When people say AikiDo is not effective in the streets they say that they have no idea what AikiDo is about and what it is not and how it is supposed to be studied and practiced.
A true AikiDo-Ka is unbeatable, not because he/she will fight every single person and is better than all and there’s nobody faster, stronger, better. Life on the streets is not about who’s stronger, who’s bigger, who’s faster – because guess what, there is always, always somebody better, bigger, faster, stronger. Life on the streets is about survival and that’s what AikiDo teaches in its essence. To learn, to evolve, to revolve, to observe, to see, to welcome and to let go; not to get tackled, not to be lost, be centered, be peaceful, be honest.

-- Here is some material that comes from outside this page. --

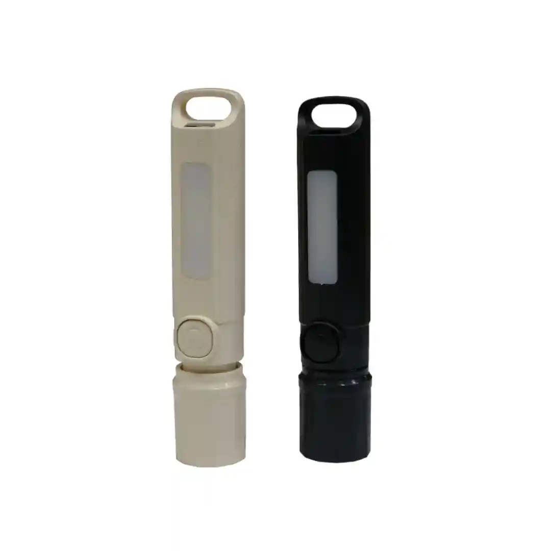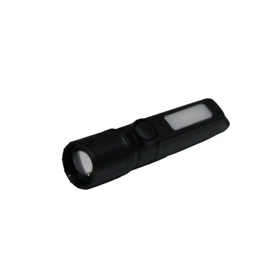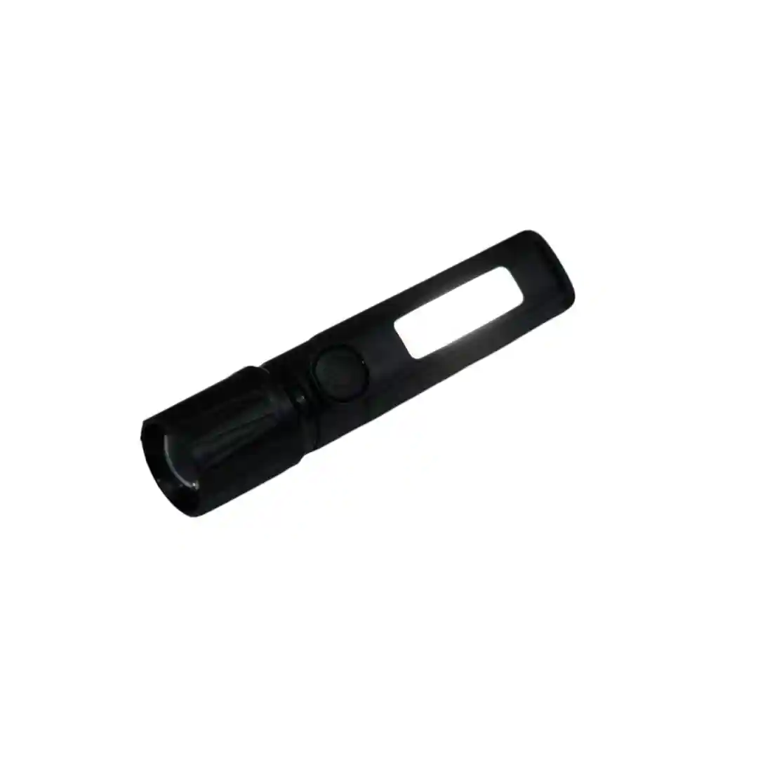 Como puedes ver en las imágenes, esta linterna tiene un diseño moderno y minimalista en un llamativo color negro con detalles en color azul. Su característica principal es que es recargable, lo que te ahorra dinero en pilas y te permite tenerla siempre lista para usar. En la parte frontal, tiene un foco LED de alta potencia que te dará una luz brillante y clara en la oscuridad.

People who say AikiDo is not effective in the streets have no idea what a firefight is about. When ambushed, which technique is the best? When mortar fire is raining which sidearm is the best? When there is a tank in front of you which rifle is the best? When in a narrow alley, which sniper rifle is the best? What is a weapon? What is a tactic? What is a battle? What is war and how do I survive it?
So, there. A true AikiKa knows things that elude most other martial arts practitioners. Not because AikiDo is better or the others are not as good – only because AikiDo approaches from a different angle. It is tough to teach and tougher to learn AikiDo, and even tougher to master – but this has nothing to do with the techniques of it. And it sure has nothing to do with the martial side of it.
Remember: the best firefight is the one you were not in; the next better thing is the one you find yourself in and survive; the next better thing is knowing your weapon and being able to use it appropriately in the appropriate setting – the weapon decides the fight you pick; life decides the ambush you find yourself in.
Nobody wins in a fight. The only way to win is to see it coming, steer it away, dissolve it, resolve it, fight if you must – but I say “if I have to fight that means I already lost: I didn’t see it coming, I couldn’t control the situation, I have no idea what the outcome is going to be, if I win it will be because he/she is not better than me and that’s pure lucky draw.” A true victory is awareness and control.
Martial arts gives you options. And don’t forget, not all options fit the situation at hand (remember the weapons and the fights examples) Violence happens to you, you find yourself in it – if you are lucky enough you will have time to react, to adopt and survive. Most won’t.